For the first time ever perhaps, the NASSCOM Emergeout Conclave made it possible for SMEs to talk to its target customers and decision makers directly – the CIOs of some of the best and largest companies in India – through its session on “Transforming the CIO into the Chief Innovation Officer”. What was notably special in this session was that all the CIOs that participated and shared their innovation story had trusted and implemented the product of an Indian startup/SME, whether or not they themselves were Indian companies. The panel was ably chaired by Sangeeta Patni, CEO, Extensio Software and the participating CIOs included Ajay Dhir (Group CIO, Jindal Steel), Daya Prakash (CIRO, LG Electronics, India), Padmaja Ravishankar (Head Information Systems, 24/7 Customer), and L Sundarrajan (CEO of IT support services business, South Asia, Holcim). Some of the reasons these CIOs quoted for selecting a product that was made in India included cost, roadmap vision, and the willingness of the selected vendor to be flexible. What clearly emerged at the end of the session though is that it shouldn’t matter whether you are an Indian company or not – all the companies in the world are the same and it’s the value that they deliver that sets them apart to the customer. Indian product vendors must endeavor to be as competitive as any other vendors if not more. The key takeaway and advice from the CIOs for being winning product SMEs were: to be an agile and flexible partner to the customer, to take a collaborative approach and partner at all stages of the product implementation, be willing to go the extra mile whether in terms of product features, the services provided or the pricing model, and be committed to stay along the entire journey. As a product SME, you must understand your customer’s business and help them sell internally in their teams as well. After all, the CIOs have a lot at stake too and a vested interest in making the vendor successful when they take a decision to go with a particular company.
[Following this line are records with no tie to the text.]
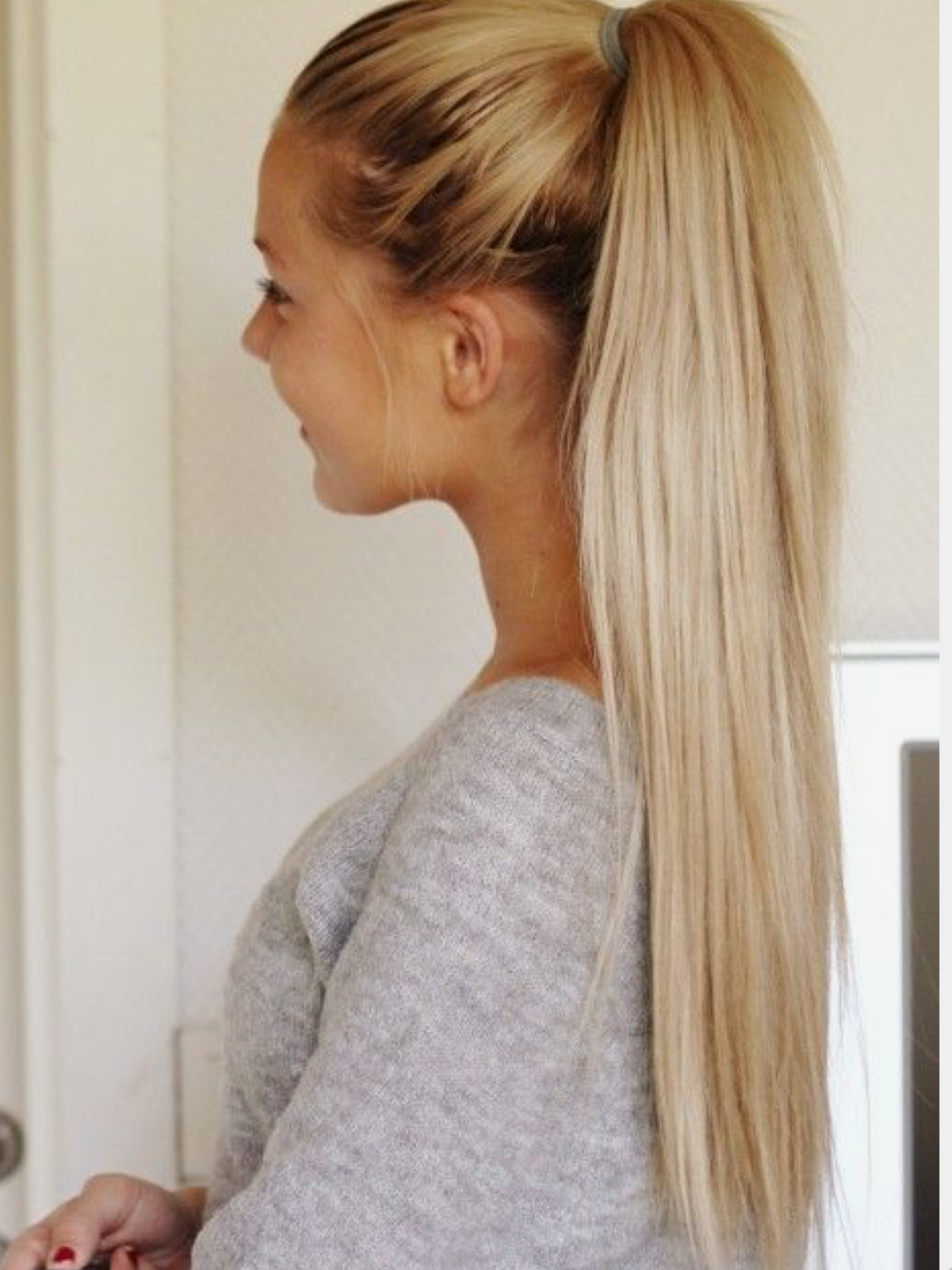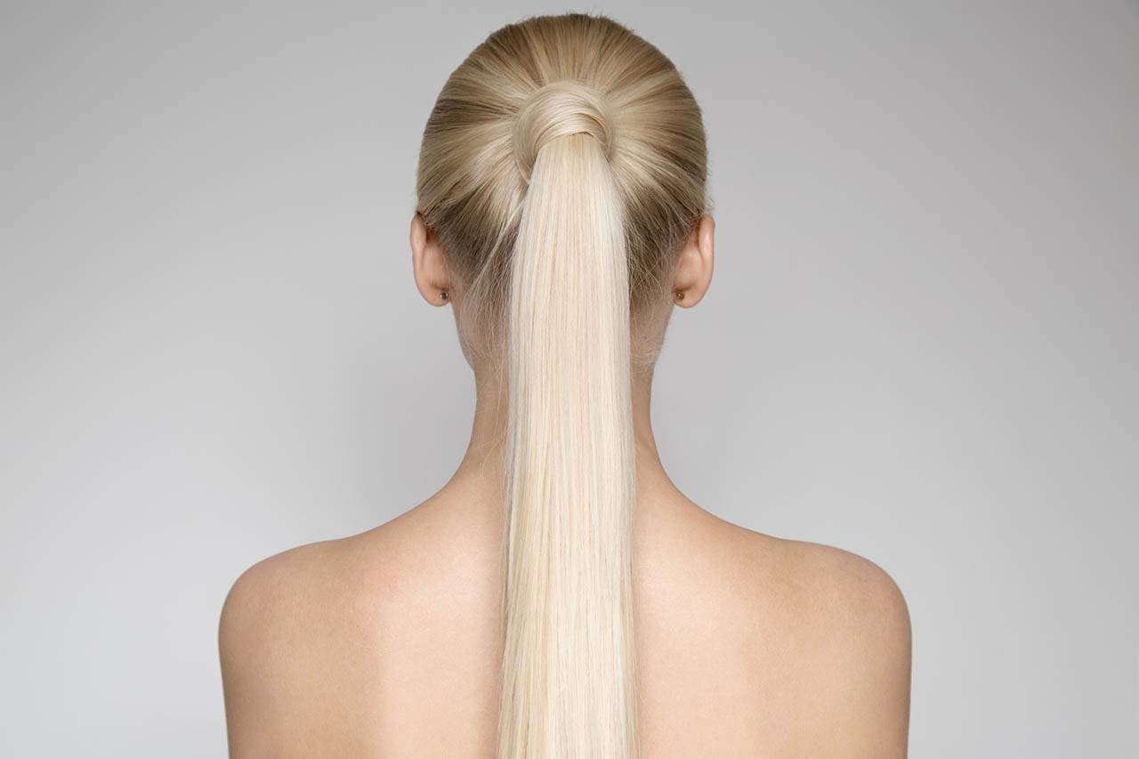 Длинные светлые волосы в хвосте
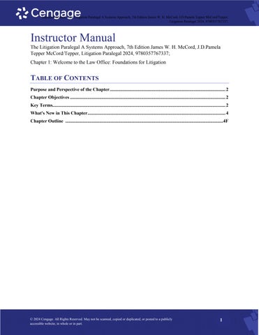 Instructor Manual The Litigation Paralegal A Systems Approach, 7th Edition James W. H. McCord, J.D.Pamela Tepper McCord/Tepper, Litigation Paralegal 2024, 9780357767337; Chapter 1: Welcome to the Law Office: Foundations for Litigation
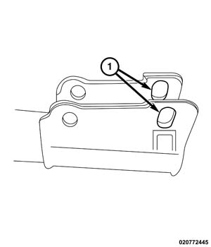 NOTE: Service struts have an elongated lower hole (1) in the strut clevis bracket which will be used with the service bolt package to adjust front camber.
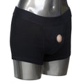 Black boxer brief harness, add your own dong or stimulator. Discreet 2 panel design to accommodate dual penetration Reinforced O ring stretches to accommodate most packers, dongs or probes Soft, stretchy and comfortable Comfortable soft lining Internal strap to secure your packer in place. Dildo not Included Internal pockets to add a favorite stimulator Not Included Washable 95 percent Cotton, 5 percent Spandex For women
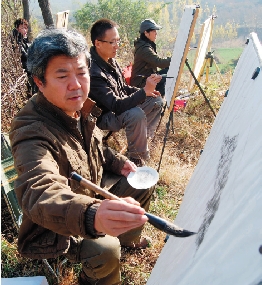 | 王界山 1963年生于山东青州市。先后毕业于解放军艺术学院、首都师范大学。现任空军美术书法研究院副院长、国家一级美术师、空军文艺创作室副主任、清华大学美术学院高级研修班导师、中国美术家协会理事、中国画学会理事、北京美术家协会理事、北京美协中国画艺委会委员、全军美术家高级职称评审委员、第六次全国美术家代表大会代表、第八次全国文学艺术界联合会代表。曾获第三届北京中青年文艺工作者“德艺双馨奖”、全军文化艺术工作先进个人,清华大学美术学院访问学者。作品《金秋无闲人》、《天地之间》入选第八届、第九届全国美术展览,多次参加全军、全国性美术展览,并有作品获奖。出版有《王界山诗·文·画选集》、《天地之间——王界山画集》、《王界山写生作品选》、《中国当代书画名家经典作品丛书——王界山作品集》、《共和国六十位国画大家精品集——王界山》等专著。中国画《接天连地无穷碧》搭载神七遨游太空。被读者与媒体评为第一届、第二届、第三届当代最具学术价值与收藏升值潜力的中国画金鼎十二家。 2009年被评选为当代全国30位最具学术价值与市场潜力的山水画家。8月至10月,历时3个月为中国航空博物馆创作完成巨幅山水画《长城万里映金辉》(1100×370cm)。 2011年6月荣获哈萨克斯坦共和国艺术科学院荣誉院士称号。同年10月,由山东省青州市人民政府支持、宋城集团承办的界山艺术馆在青州落成。 2012年6月,中国画《密林深处自有情》荣获由国家文化部、外交部、上海合作组织等联合主办的北京峰会“和睦”国际美术作品展优秀作品奖。 |

Another important and key session that everyone looked forward to was “The Emerging UID inspired ecosystem and what it means for you”. Ram Sewak Sharma, UIDAI director-general, spoke at length about Unique Identification for India, regarded as the most ambitious project of the Indian Government thus far by many. Mr. Sharma also elaborated on the various opportunities that UID will bring to the Indian companies, SMEs and startups. Though UID will be governed by the UIDAI (Unique Identification Authority of India), its actual implementation in terms of data gathering and last mile touch points will be taken up by the state authorities. These state authorities will in turn require a lot of assistance from private companies both technologically as well as for services to reach the entire population of India. This provides thousands and hundreds of opportunities for companies and it’s only left to their imagination on how they can come forward to help the government accomplish this. While UID will be a mere number with no intelligence built-in, it can act as an authentication mechanism for many things in the future including banking transactions. This again presents a multitude of prospects for private companies to envision and design products and services that might help take full advantage of the UID by institutions, financial or otherwise.

The Emergeout also featured a session on the popular cloud computing topic and how it can help and enable the SMB segment. Presented by Srikanth Karnakota (Director – Cloud Computing, Microsoft), the session was on leveraging cloud offerings to further IT adoption in SMB segment.